WORK TO COMPLETE :: Everything below from the line with "Pratik ve rahat: Tığ" through the line with "在知名皮肤yi生Leslie Baunann写的《Cosmetic Dermatology》和《The" should be copied exactly, and nothing else; leave out the pictures.

DATA ::
========================================================================

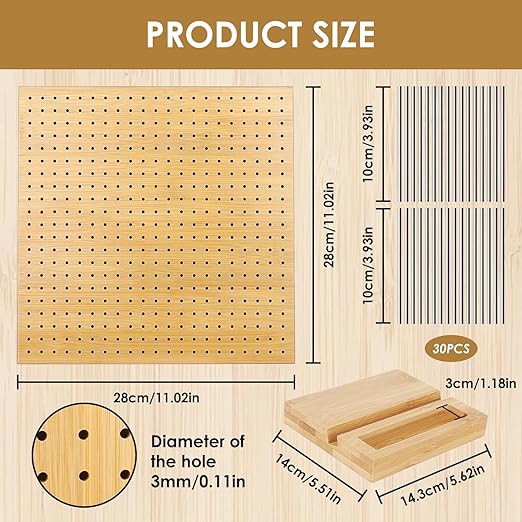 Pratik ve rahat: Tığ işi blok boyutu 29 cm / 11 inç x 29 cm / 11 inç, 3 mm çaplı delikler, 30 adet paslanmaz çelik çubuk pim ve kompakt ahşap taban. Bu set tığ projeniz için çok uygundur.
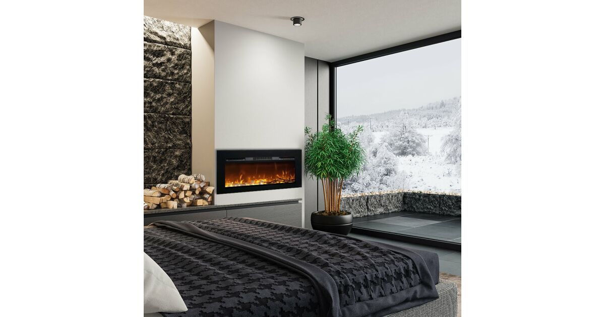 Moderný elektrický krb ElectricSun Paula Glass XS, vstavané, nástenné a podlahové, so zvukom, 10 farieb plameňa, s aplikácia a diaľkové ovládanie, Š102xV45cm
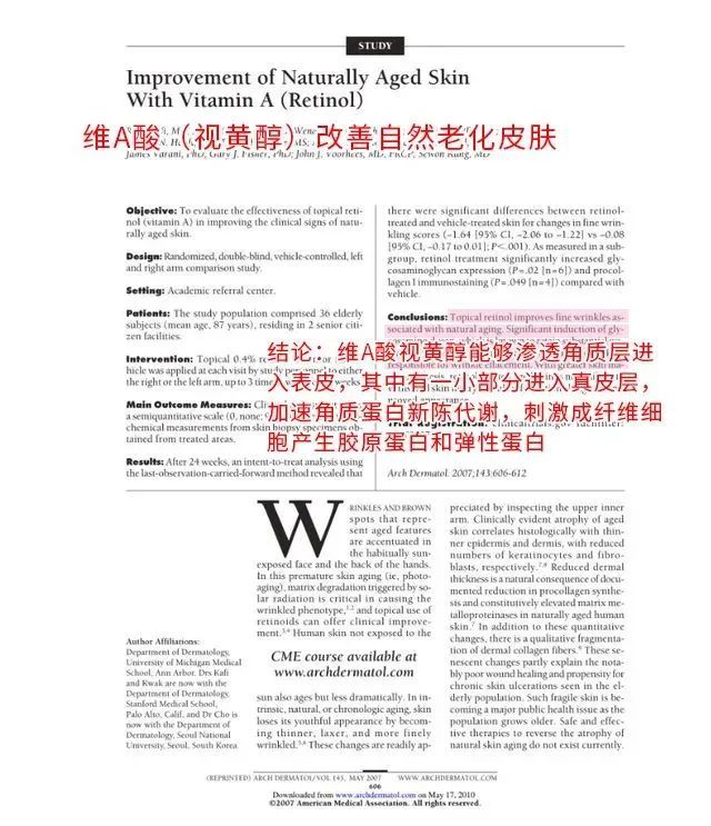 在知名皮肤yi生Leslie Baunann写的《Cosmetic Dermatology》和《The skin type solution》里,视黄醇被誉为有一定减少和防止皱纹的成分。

========================================================================

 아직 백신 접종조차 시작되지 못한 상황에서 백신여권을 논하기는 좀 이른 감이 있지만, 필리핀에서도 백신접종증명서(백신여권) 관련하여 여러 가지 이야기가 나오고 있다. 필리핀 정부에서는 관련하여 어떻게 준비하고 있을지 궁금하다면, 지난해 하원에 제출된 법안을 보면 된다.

========================================================================

SOLUTION TO THIS EXERCISE ::
 Pratik ve rahat: Tığ işi blok boyutu 29 cm / 11 inç x 29 cm / 11 inç, 3 mm çaplı delikler, 30 adet paslanmaz çelik çubuk pim ve kompakt ahşap taban. Bu set tığ projeniz için çok uygundur.
 Moderný elektrický krb ElectricSun Paula Glass XS, vstavané, nástenné a podlahové, so zvukom, 10 farieb plameňa, s aplikácia a diaľkové ovládanie, Š102xV45cm
 在知名皮肤yi生Leslie Baunann写的《Cosmetic Dermatology》和《The skin type solution》里,视黄醇被誉为有一定减少和防止皱纹的成分。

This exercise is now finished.